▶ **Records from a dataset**
▬▬▬

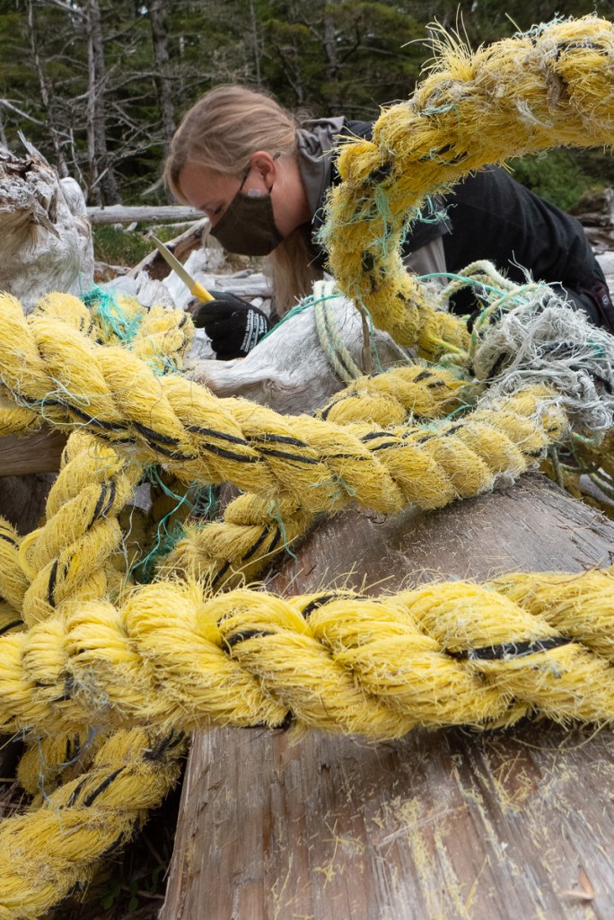 Huge and heavy ropes, some weighing 100s of kg, were tangled around and under the driftwood.
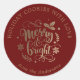 buen pegatina hecho en casa con un guión falso de Relieve metalizado dorado en la tipografía caprichosa "Merry and Bright" con giros decorativos y tu información rodeada de dos fondo de tono terciopelo negro y rojo
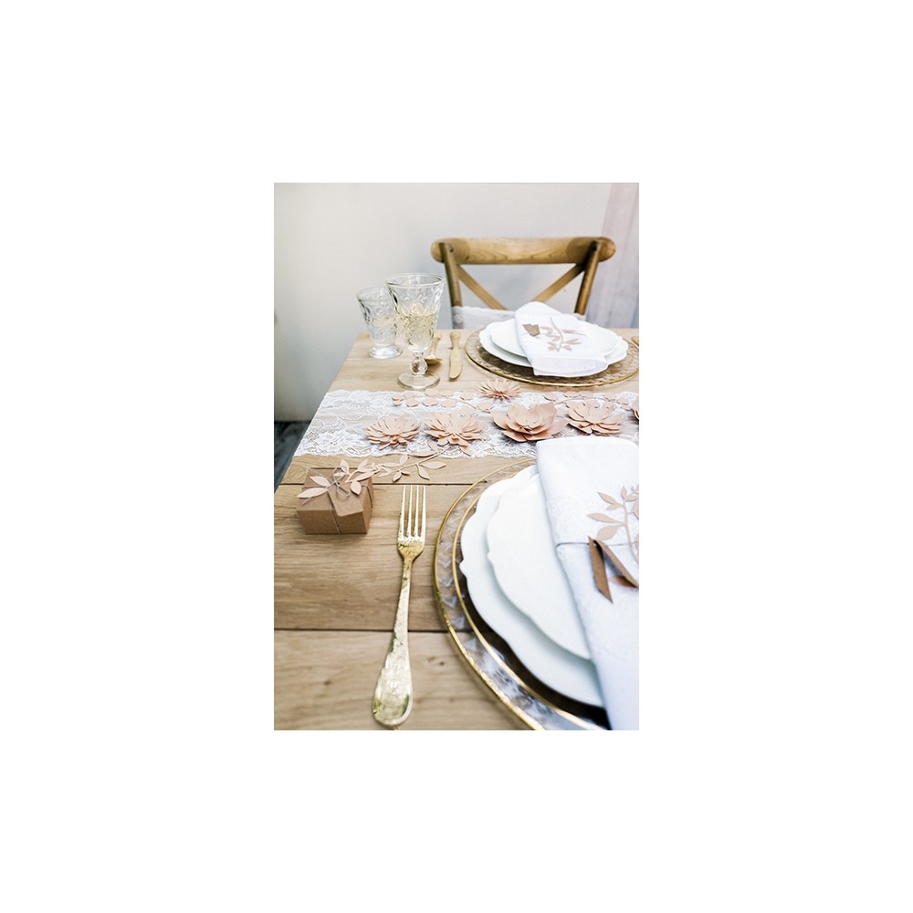 In cartoncino, di colore marrone, ogni scatolina avrà con se un piccolo bigliettino dove poter scrivere un messaggio personalizzato in maniera tale da lasciare un ricordo personale ad ogni invitato presente all'evento.
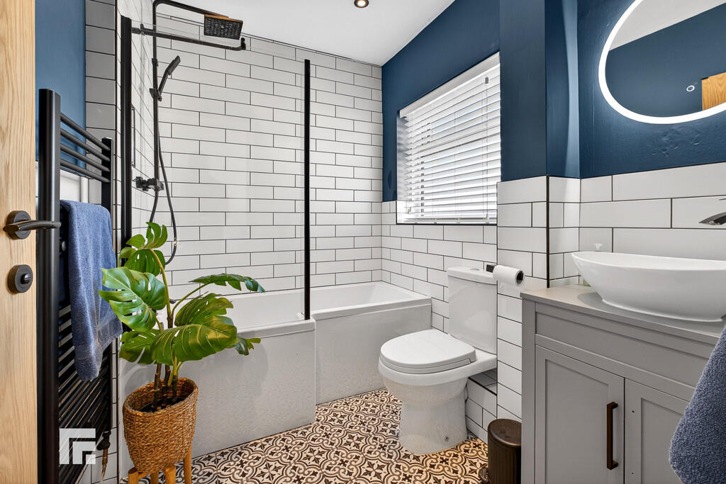 FAMILYBATHROOM7' 7" x 5' 10" (2.33m x 1.79m) Quality white suite comprising low level wc, vanity wash basin with storage below, p-shaped bath with matte black twin head shower above and matching swivel glass screen. Wall tiling to splash back areas. Obscured glass window to front. Recessed spotlights. Heated towel rail.
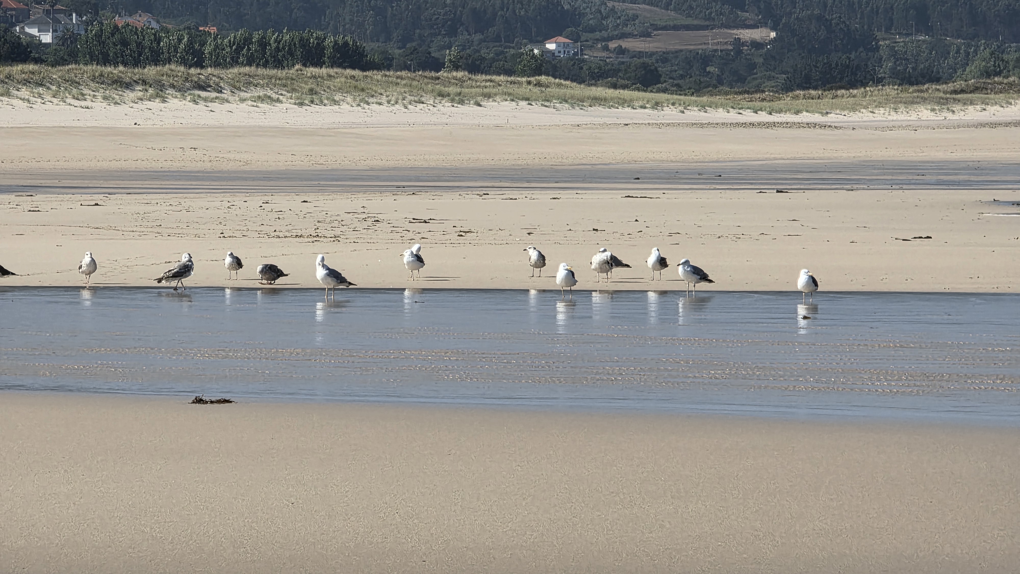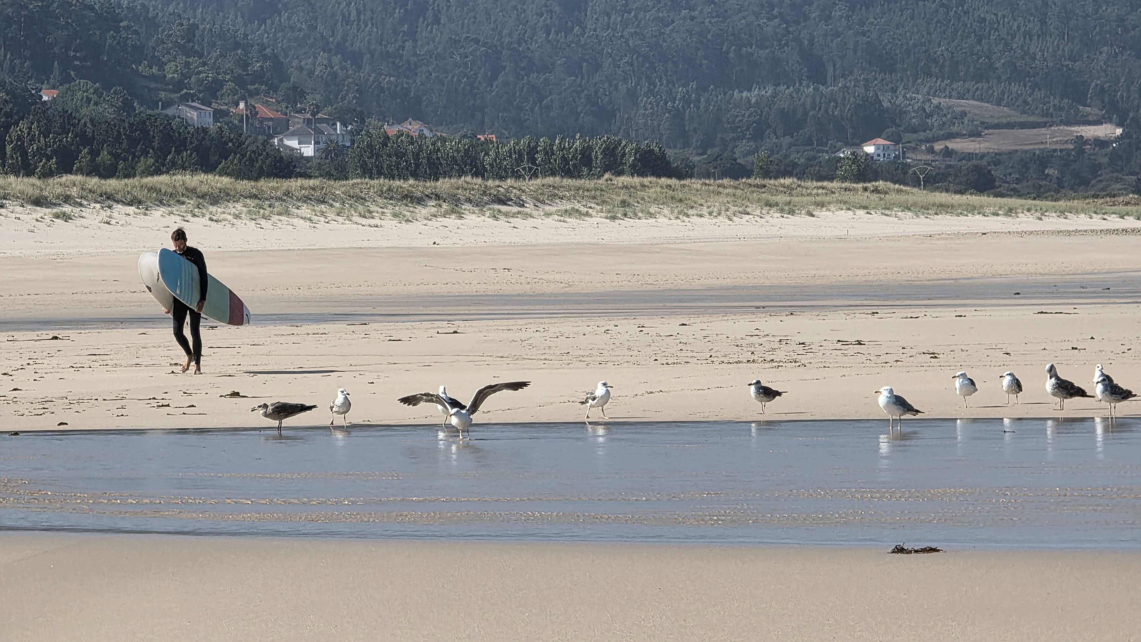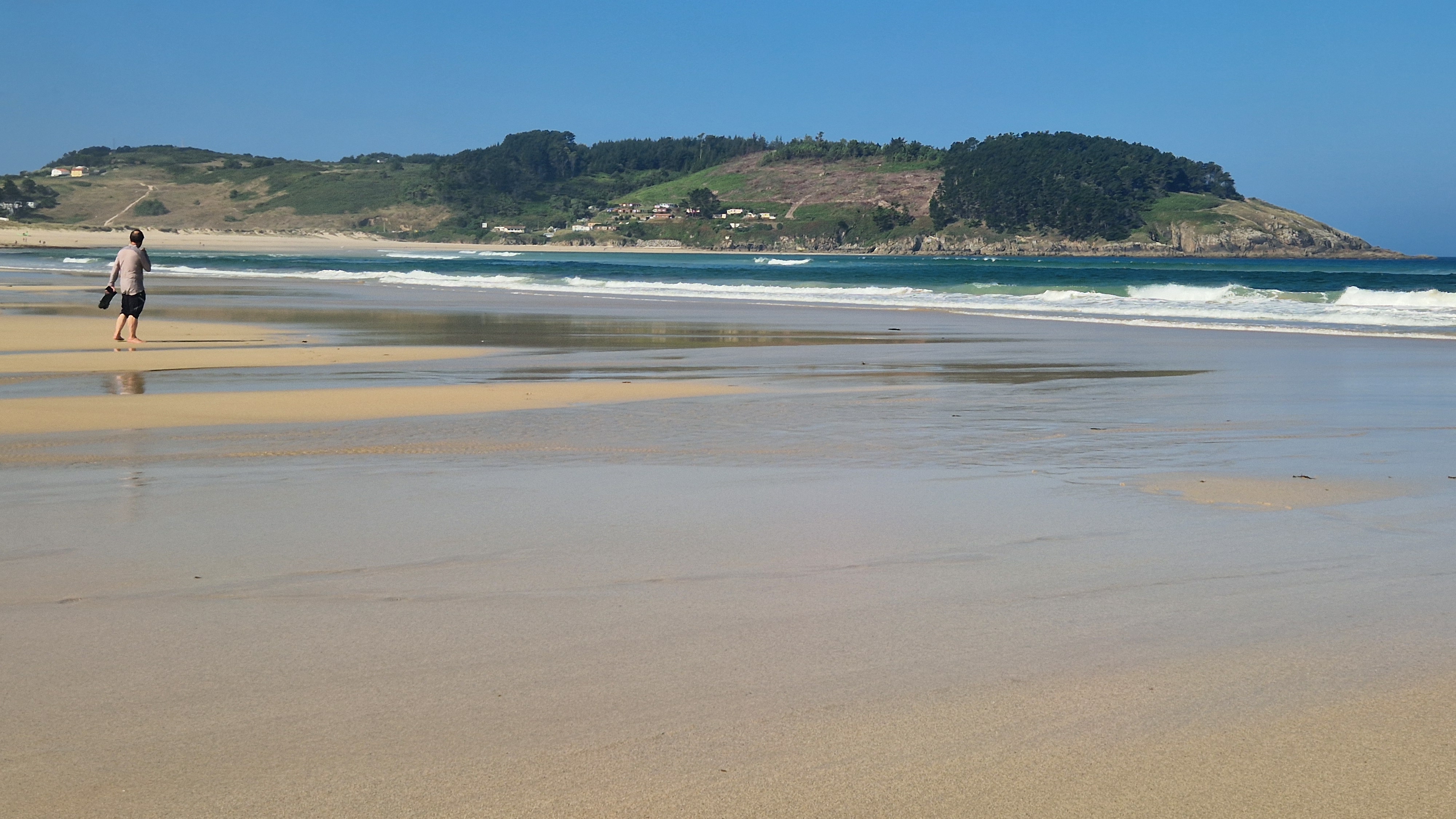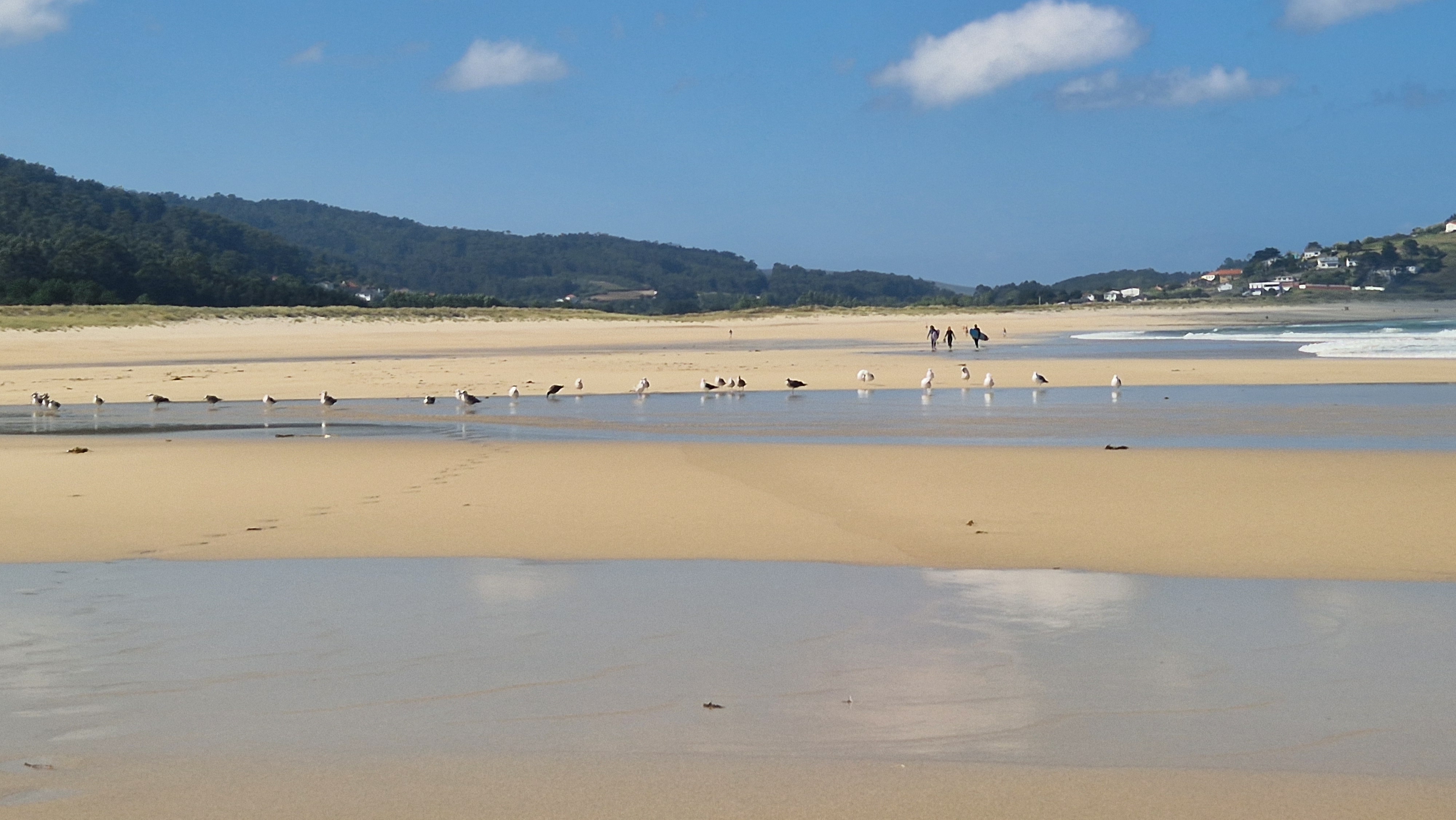 Ce matin nous avons traversé (aller et retour) la belle et longue plage de San Xurxo.
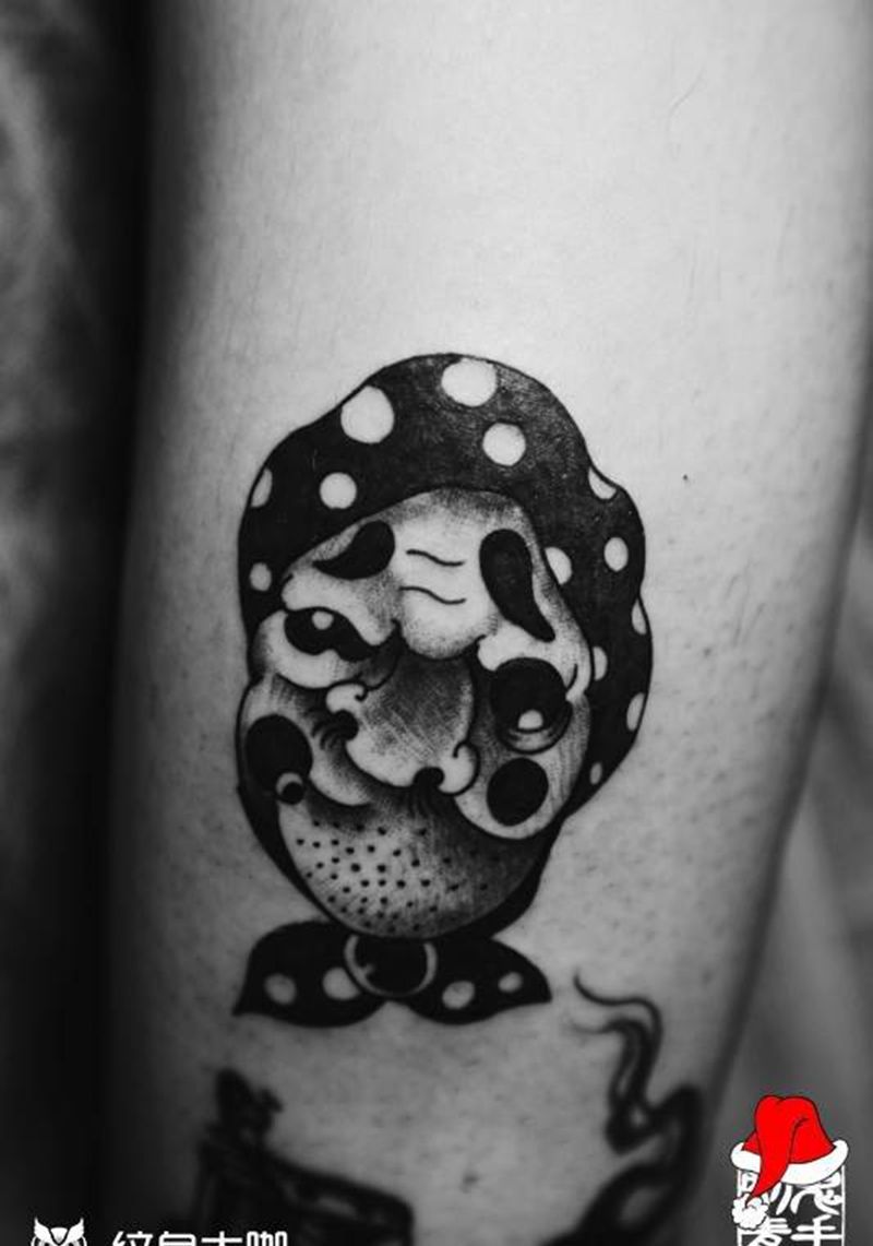 • T包小腿吹火男+阿多福纹身图片_腿部老传统新传统吹火男阿

▬▬▬

▶ **What this task involves**
Beginning with the line above that contains "In cartoncino, di" and ending with the line that contains "Heated towel rail.", quote each line exactly, keeping out the pictures.

▶ **Task result**
 In cartoncino, di colore marrone, ogni scatolina avrà con se un piccolo bigliettino dove poter scrivere un messaggio personalizzato in maniera tale da lasciare un ricordo personale ad ogni invitato presente all'evento.
 FAMILYBATHROOM7' 7" x 5' 10" (2.33m x 1.79m) Quality white suite comprising low level wc, vanity wash basin with storage below, p-shaped bath with matte black twin head shower above and matching swivel glass screen. Wall tiling to splash back areas. Obscured glass window to front. Recessed spotlights. Heated towel rail.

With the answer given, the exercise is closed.